Brewing beer is of utmost cultural importance in Belgium. Here, this craft is a high art form, and was even acknowledged by UNESCO in 2016 as part of its ‘intangible cultural heritage of humanity’ list. Belgian brews range from Flemish reds, to sweet citrusy Belgian wheat beers, and dark dry lambic brews – with many varieties in between. There are more than 600 beers available at Cafe Kulminator, so you can sample the full Belgian spectrum. The only caveat: this popular bar is relatively small, so sometimes it’s best to aim for a not-so-busy time.

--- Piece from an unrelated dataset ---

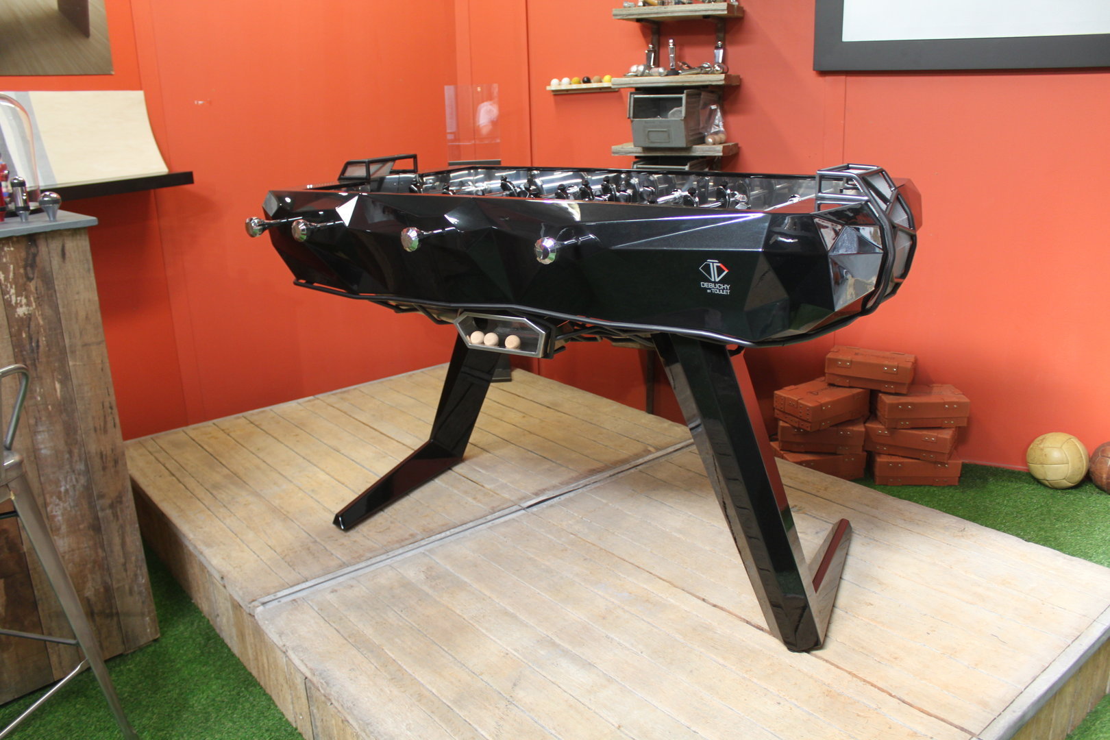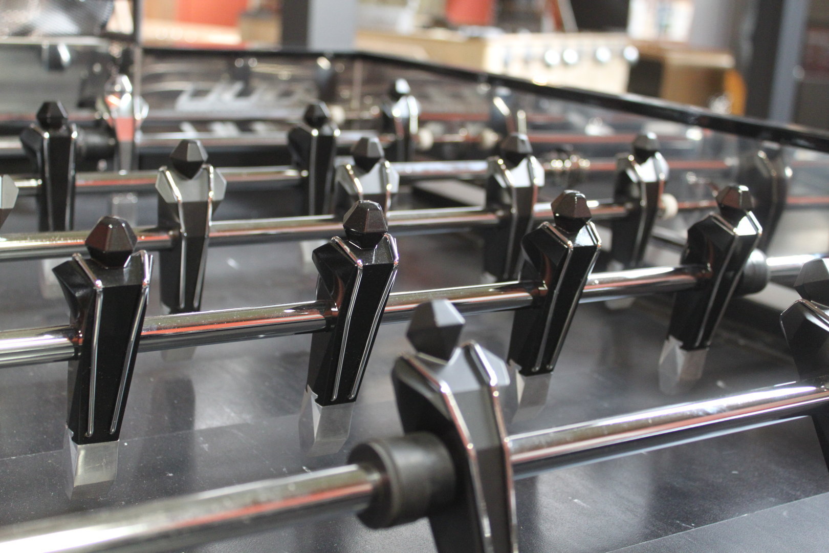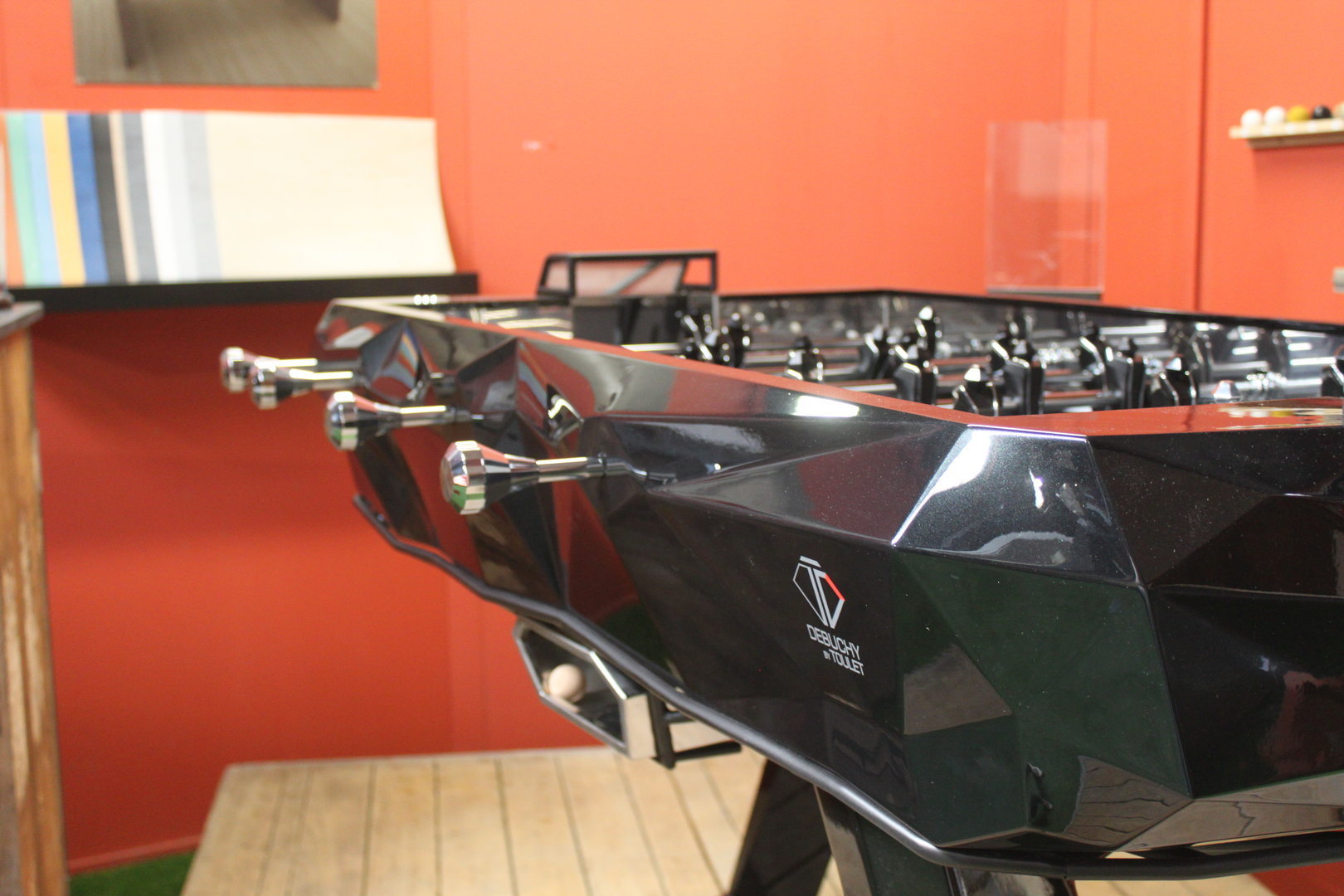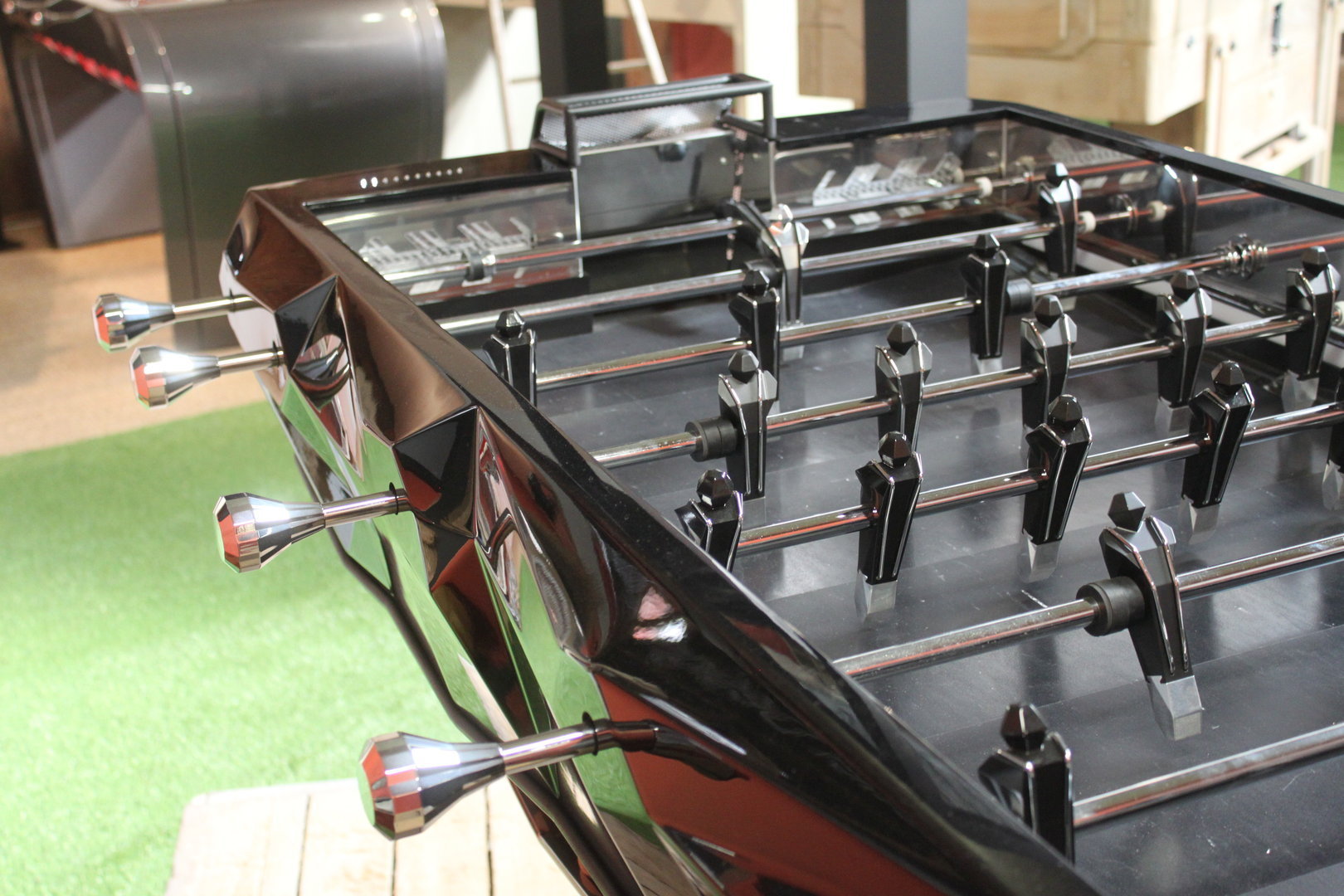 Das Design des Le Sian Tischkickers von Toulet ist inspiriert vom Design moderner Sportwagen. Der hochwertige Metallkorpus sowie die Metallbeine bieten die nötige Standfestigkeit und Robustheit. Die Konstruktion ist bemalt und 100% rostfrei. Ein zentraler Ballauswurf ist in den Korpus eingearbeitet, welcher zusätzlich mit Gerflex beschichtet wurde. Die Aluminiumfiguren verfügen über abnehmbare Füße, was das Feature "Rote Karte" ermöglicht. Hierbei können einzelne Spieler aus dem Spiel genommen werden, was zusätzlichen Spielspaß bietet und die Partie zusätzlich anheizt. Die Stangen sind verchromt und zusätzlich mit Teflon angereichert, was perfekt Laufeigenschaften ermöglicht. Am Ende der Kickerstangen sind die Griffe in Diamantenform angebracht, welche natürlich auch verchromt wurden. Weiterhin verfügt der Le Sian Designkicker über folgende Features: LED-Torzähler, Start- und Stoppknopf sowie eine LED-Spielfeldbeleuchtung.

As you will be reminded in any tourist literature you happen upon in Antwerp, the famous painter Pieter Paul Rubens hails from here. An artist true to the Baroque style, his depictions of soft-bodied, full-figured women are what most non-connoisseurs remember him by (the term Rubenesque most often means a voluptuous female nude reminiscent of his work). Rubenshuis is an extravagant, Neoclassical building first built in 1611, which served as Rubens' home and studio. Now a museum, it boasts an excellent collection of the master's work, and an unparalleled glimpse into his life as a prominent artist in 15th-century Antwerp.
Nachtegalenpark (Nightingale Park) is a lush oasis of well-manicured lawns and wilder wooded areas in the south of Antwerp. It’s also where the archery competition was held during the 1920 Olympics. The park includes the Middelheim Museum, an open open-air sculpture garden, which features dozens of works from as many sculptors. Middelheim Museum provides a chance to see first-rate art outside the bounds of a museum; the pieces on display here interact with their natural surroundings to varying degrees. For a beautiful walk in a dynamic natural setting, head here.